First, several things are needed to start:

1. Two years of delimited Chart Files.

2. The same two years of home made or purchased delimited Past Performance Files.

3. Visual Basic (VB) and good familiarity with its use. VB is not hard to learn.

4. A relatively modern laptop or desktop computer with 900+ GB hard drive

5. Eight to Twelve key independent handicapping Boolean Parameters of YOUR OWN DESIGN.

6. A LOT of free time.

The method described has only been possible on commercially available laptop and desk top personal computers the past eight or so years. Prior to that, the memory and speed requirements would bog down the machines. Perhaps future equipment advances will permit expansion of this process to larger arrays.

The basic Head to Head method is formulated around the concept that unlike Blackjack, Roulette, other games of chance and pure statistics, horse racing is a contest between competing entrant horses. I'm surprised how often this fact is ignored by approaches which import analysis methods from other studies. Playing cards don't compete to get to the top of the deck, have class levels, nor are (legally) manipulated by their owners.

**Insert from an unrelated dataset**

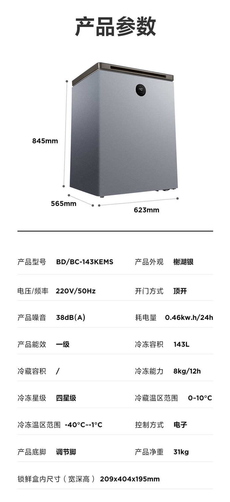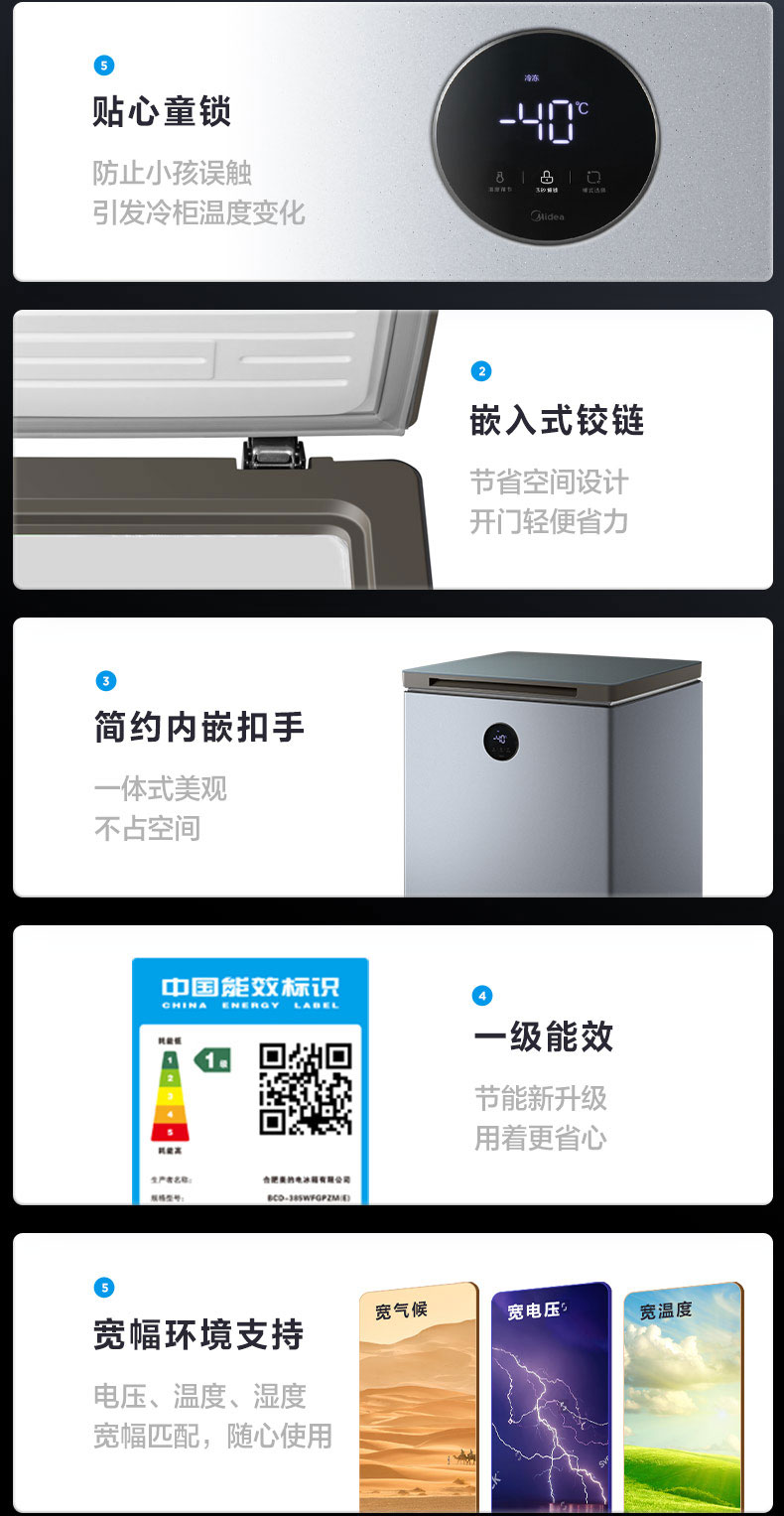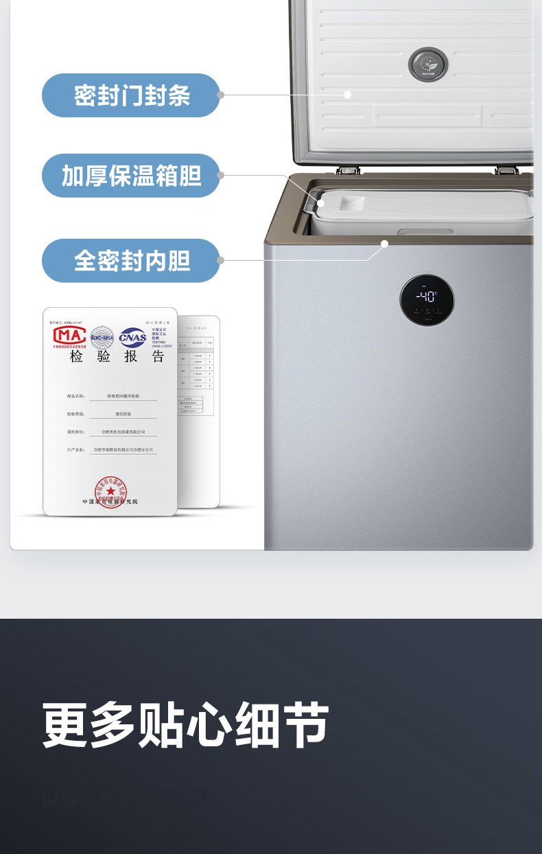 美的冰柜家用无需除霜一级能效冷藏冷冻柜商用保鲜母乳超低温零下40度100/143升

Let's take a quick jump past 1 through 4 above, assume they are in hand or at least accessible, and delve into number 5.

If you've been at this game for awhile I'm sure you have some favorite things to see in an entry's past performances which indicate a good performance is pending under the right conditions. The key in setting up a Head to Head run is to define eight to twelve of them in Boolean (true/false) format. I am not going to divulge the parameters I use and I don't recommend you do either. What I suggest is that you plug YOUR favorites into the Head to Head and see what you discover. What has usually happened for me is finding that I have to refine my initial parameter list and start over. Although tedious, this eventually generates a proven handicapping approach after three to five trials. There is no rule that restricts you to eliminate pre-filters. If your best filters fit one particular class, say dirt routes, just run those. Note, however, that pre-filters will cut into your sample counts and if too restrictive will cause problems later. It's all a trade-off. You will note that this method does not pick spot plays, where a specific pattern is found which yields a high success rate, but rather finds races where the head-to-head competition stacks one entrant as a standout. In Head-to-Head analysis we automatically consider the strengths and weaknesses of all the entrants, not just the spot play pick. We also find the key combinations of Boolean Parameters that are best without having to guess ahead.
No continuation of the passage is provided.